The original masters must be a huge part of the sound. Also, MFSL mods their electronics.

Hard to tell if the gold substrate improves the sound, but it does look pretty cool.


----------



## wgmontgomery (Jun 9, 2011)

tesseract said:


> The original masters must be a huge part of the sound. Also, MFSL mods their electronics.
> 
> Hard to tell if the gold substrate improves the sound, but it does look pretty cool.

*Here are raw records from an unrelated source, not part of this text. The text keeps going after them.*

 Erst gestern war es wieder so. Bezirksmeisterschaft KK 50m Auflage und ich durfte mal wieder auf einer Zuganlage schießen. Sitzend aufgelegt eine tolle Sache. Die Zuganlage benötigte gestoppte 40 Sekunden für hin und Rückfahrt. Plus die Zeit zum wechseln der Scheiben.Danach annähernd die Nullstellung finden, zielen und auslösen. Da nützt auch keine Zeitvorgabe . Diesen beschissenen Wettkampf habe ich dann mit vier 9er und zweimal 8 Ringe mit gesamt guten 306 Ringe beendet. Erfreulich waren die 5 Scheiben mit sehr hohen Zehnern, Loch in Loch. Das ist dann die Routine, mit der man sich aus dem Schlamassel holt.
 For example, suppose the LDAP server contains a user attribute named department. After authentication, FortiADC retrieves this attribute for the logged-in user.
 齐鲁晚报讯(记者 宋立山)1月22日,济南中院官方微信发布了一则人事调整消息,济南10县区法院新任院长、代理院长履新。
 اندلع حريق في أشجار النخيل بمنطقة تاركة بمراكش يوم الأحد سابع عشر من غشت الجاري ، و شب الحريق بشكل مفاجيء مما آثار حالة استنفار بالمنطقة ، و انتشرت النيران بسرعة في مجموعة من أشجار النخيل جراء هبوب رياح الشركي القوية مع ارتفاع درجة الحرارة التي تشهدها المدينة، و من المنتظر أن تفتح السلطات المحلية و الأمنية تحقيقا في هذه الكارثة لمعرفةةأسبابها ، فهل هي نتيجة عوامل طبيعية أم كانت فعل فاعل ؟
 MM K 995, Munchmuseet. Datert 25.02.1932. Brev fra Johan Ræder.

There's an insert detailing the equipment that MFSL uses; they use custom electronics with a bandwidth of DC to 100kHz (sampled at 2.8MHz)!! I will never forget the sound of Pink Floyd's _The Wall _ on MFSL; it had a _liquid_ sound I had never before (or since) heard on Redbook CD. 

I noticed that the new SA-CDs background "noise" isn't "black" or even ultra-quiet; it's just plain non-existent! On _52nd Street_ I'd swear that you are sitting in the sound engineer's chair; truly incredible SQ.


----------



## tesseract (Aug 9, 2010)

I _used_ to own MFSL "The Wall". :doh: I'll pick me up a used one, someday, although they ain't cheap. :spend::dollarsign::dollarsign::dollarsign:

The DVD of the The Wall has really nice sound. Wish they would release it and the other Floyd shows on Blu Ray. Hoping The Wall sees SACD, too.


----------



## wgmontgomery (Jun 9, 2011)

tesseract said:


> I _used_ to own MFSL "The Wall". :doh: I'll pick me up a used one, someday, although they ain't cheap. :spend::dollarsign::dollarsign::dollarsign:
> 
> The DVD of the The Wall has really nice sound. Wish they would release it and the other Floyd shows on Blu Ray. Hoping The Wall sees SACD, too.


+1 :TT I JUST ordered _Amused to Death_ on Sony SBM (Gold)


----------



## tesseract (Aug 9, 2010)

wgmontgomery said:


> +1 :TT I JUST ordered _Amused to Death_ on Sony SBM (Gold)


I've never heard this, but one day I will order it anyway.


----------



## wgmontgomery (Jun 9, 2011)

tesseract said:


> I've never heard this, but one day I will order it anyway.


It's Roger Waters' Sony Master Sound release that is "bit-mapped" to quasi 20 bit resolution. BIG MONEY!! I have an original release, a Japanese release and (soon) the Sony SBM (Super Bit Mapping) Gold CD. I'm actually thinking of doing a review to see (hear??  ) if there's any real difference in SQ.


----------